Unas horas antes, el gran reloj de la iglesia del centro de la ciudad marca las diez de la noche. Las aves se refugian en los árboles de flores anaranjadas de la cuadra seis de la avenida José Balta. Calle que será el escenario de aquel espectáculo interactivo entre vendedores y transeúntes.

Un joven llega cargando una mochila que se ve repleta, ha perdido su aspecto original y se ve apretada. El joven extiende en el suelo un plástico azul, abre con dificultad su mochila y saca poco a poco su mercadería. Zapatillas de múltiples diseños y colores son colocadas cuidadosamente en lo que tendría a ser su puesto.

Este hombre delgado y de piel trigueña es Javier, quien se dedica a este negocio desde hace seis meses para solventar sus estudios universitarios.

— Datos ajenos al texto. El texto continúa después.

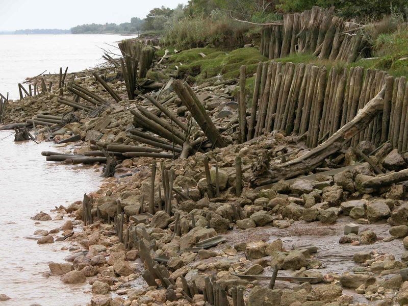 Les berges érodées et les ouvrages de défense endommagés : mise en place de systèmes de protections végétales, consolidation ou renaturation selon les milieux naturels, organisation de "vigilance citoyenne".
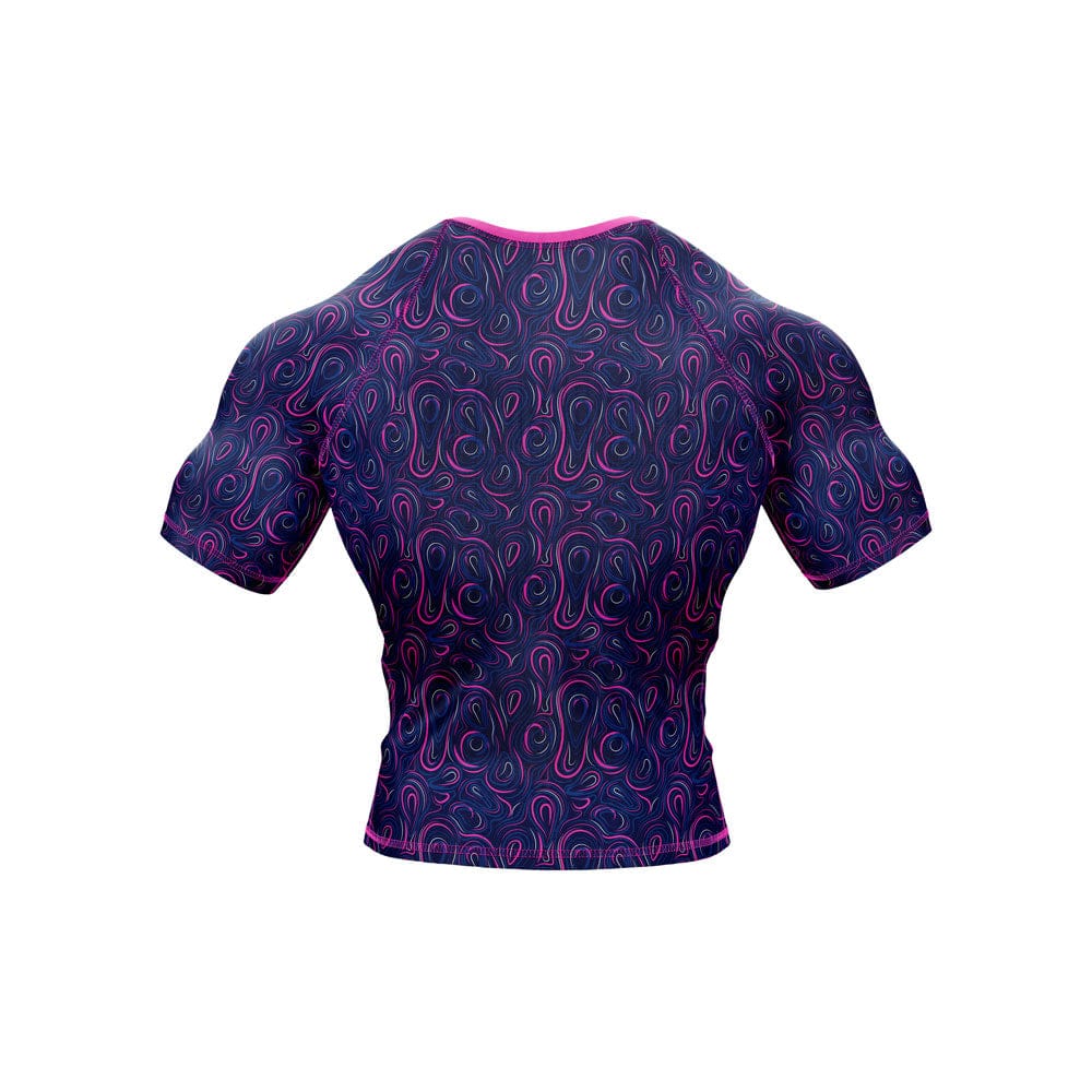 The premium sublimation design of the Smile Clown Mascot is printed on the front of the shirt; it has long and short sleeves, a round neck, and a dark blue and pink color scheme. Take it to the gym or combat. The fabric is spandex. It's got a nice texture on the back.

Siempre llega antes que todos para escoger el mejor lugar.

A unos metros, al igual que él, se instala Carmen. Una señora de contextura gruesa, piel cobriza y con acento de la selva. Ella vende ropa deportiva: buzos y leggins de todas las tallas, con detalles en colores fosforescente. Es una persona con facilidad de palabra. Esto la ayuda a conectarse con los clientes. 

Poco a poco van llegando otros comerciantes, quienes se saludan alegremente, y colocan sus puestos de venta en los espacios vacíos de la vereda. Al cabo de media hora, la calle queda llena de vendedores. Ellos ofrecen sus productos a la gente que transita y mira curiosamente sus puestos. 

Al costado de unos cajeros automáticos está Armando. Un señor mayor de estatura baja y de cabello cano. Exhibe cadenas, anillos y relojes de oro en una mesa cuadrada, cubierta por un mantel blanco. Sus accesorios llaman la atención de los transeúntes, quienes se acercan interesados en ver de cerca los detalles de estos objetos.

Un poco alejado de este grupo de vendedores de ropa y accesorios, están Milton y Ana. Una pareja de viajeros ecuatorianos, quienes portan una gran mochila. Ellos tienen un pequeño mantel blanco, puesto al costado de las ventanas grandes de un restaurante. Ofrecen pequeñas figuras de metal reciclado, con formas de guitarras, bicicletas y corazones. 

Esta pareja viaja por cada ciudad del Perú. Previamente estuvieron en Tumbes y Piura. Ahora están de paso por Chiclayo y su próximo destino será Trujillo. Quieren conocer todo el Perú y luego ir a los países vecinos. Milton es alto, delgado y tiene tatuajes en ambos brazos. En cambio, Ana es pequeña y rechoncha, además, solo tiene un piercing en la nariz.

A partir de las diez y media de la noche, una marea de gente toma esta calle, como si de un río se tratase. Los transeúntes despiertan su interés y se pavonea de puesto a puesto analizando que se animan a comprar. Estos productos son novedosos. Además, en cuestión de precios, le hacen la competencia a grandes tiendas.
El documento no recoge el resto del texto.